We can now retrieve a larger set of top_k results. Since the maximum chunk size here is 1000, we can deterministically configure the top_k based on the token limits supported by the language model used in the response generation node. E.g., if the token limit is 100,000 tokens, we can potentially use top_k upto 500 (assuming an average token size of 5 characters).

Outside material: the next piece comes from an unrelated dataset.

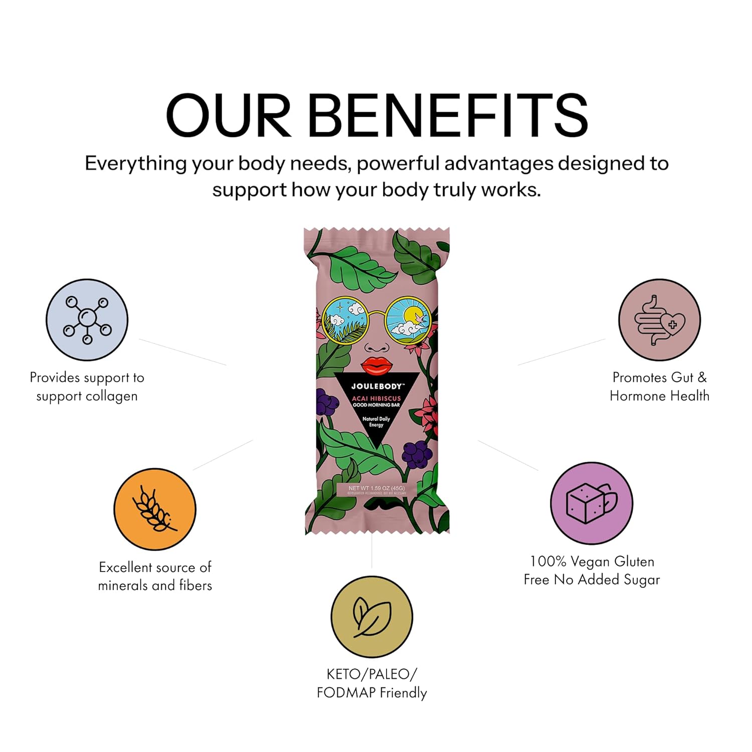 Most mornings, there is no time for breakfast. Not real breakfast. You reach for whatever is nearest and fastest - and somewhere between the commute and the first meeting, you already know it wasn't enough. That search for a whole food bar for busy mornings that actually does what it promises is what Joulebody was built to end. Joulebody Good Morning Bars are a plant based best meal replacement bars with no artificial sweetener - built around a single principle: every ingredient should exist in nature without a manufacturing step. Organic acai, organic hibiscus, chia seeds, hemp seeds, flax, pumpkin seeds, puffed quinoa, and dates. That is the entire list. No gums, no binders, no protein isolates, no seed oils, no "natural flavors." This is a real food bar with no protein isolates, designed to function as a grab-and-go breakfast bar, a commute snack, or a post-workout fuel stop - wherever your morning takes you. At 240 calories per bar with 10g of plant protein and 7g of fiber, every calorie is working. The fiber in this bar comes from the seeds themselves - chia, hemp, flax, and pumpkin. This gluten free breakfast bar with prebiotic fiber sources its 7g of fiber from whole-food seeds, not from chicory root inulin or fortified fiber extracts. The result is a gut friendly snack bar that supports your digestive routine - made with seed-based fiber your body recognizes. Seed-based prebiotic fiber slows digestion gradually, extending satiety through your morning rather than producing a brief spike and crash. This is a plant-based bar sweetened with dates & tapioca syrup. No monkfruit, no stevia, no allulose, no erythritol, no sugar alcohols. The sweetness is light and fruit-forward - a berry-driven acai note with a hibiscus finish that makes this a meal replacement bar that doesn't taste like candy. The puffed quinoa provides a gentle chewy-crunch texture that is neither dry nor sticky. This organic bar with puffed quinoa crunch holds up at room temperature or chilled, making it a reliable office snack or a breakfast bar for new moms on the go who need something they can eat in two minutes without thinking about it. Plant-based, gluten free, and made with organic superfood seeds, Joulebody Good Morning Bars fit clean eating routines, elimination diets, and anyone who has spent too long reading labels and finding reasons to put the bar back. Each box contains 10 bars. Keep one in your bag, on your desk, or on your counter. Your mornings are already complicated enough.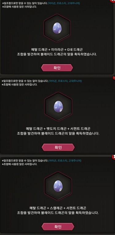 오늘은 빛 또는 어둠속성 드래곤의 알 조합법 을 공개합니다.(총 14종류의 드래곤)

# src/retrieval_graph/retreival.py
# ...
def make_milvus_retriever(
    configuration: IndexConfiguration, embedding_model: Embeddings, **kwargs
) -> Generator[VectorStoreRetriever, None, None]:
    # ...
    yield vstore.as_retriever(search_kwargs=configuration.search_kwargs)
# ...

Here, search_kwargs = {"k": 10} conveys that retriever will return top 10 results.

Rate limits during embedding

Embedding Models put limits on the number of token per unit time. Initially, we embedded the whole set of crawled (or split) documents in a single call. For large sites, this ran into rate limit errors.

With the following enhancement we can add a batch size configuration, split documents into multiple batches, and add a time delay to avoid rate limits.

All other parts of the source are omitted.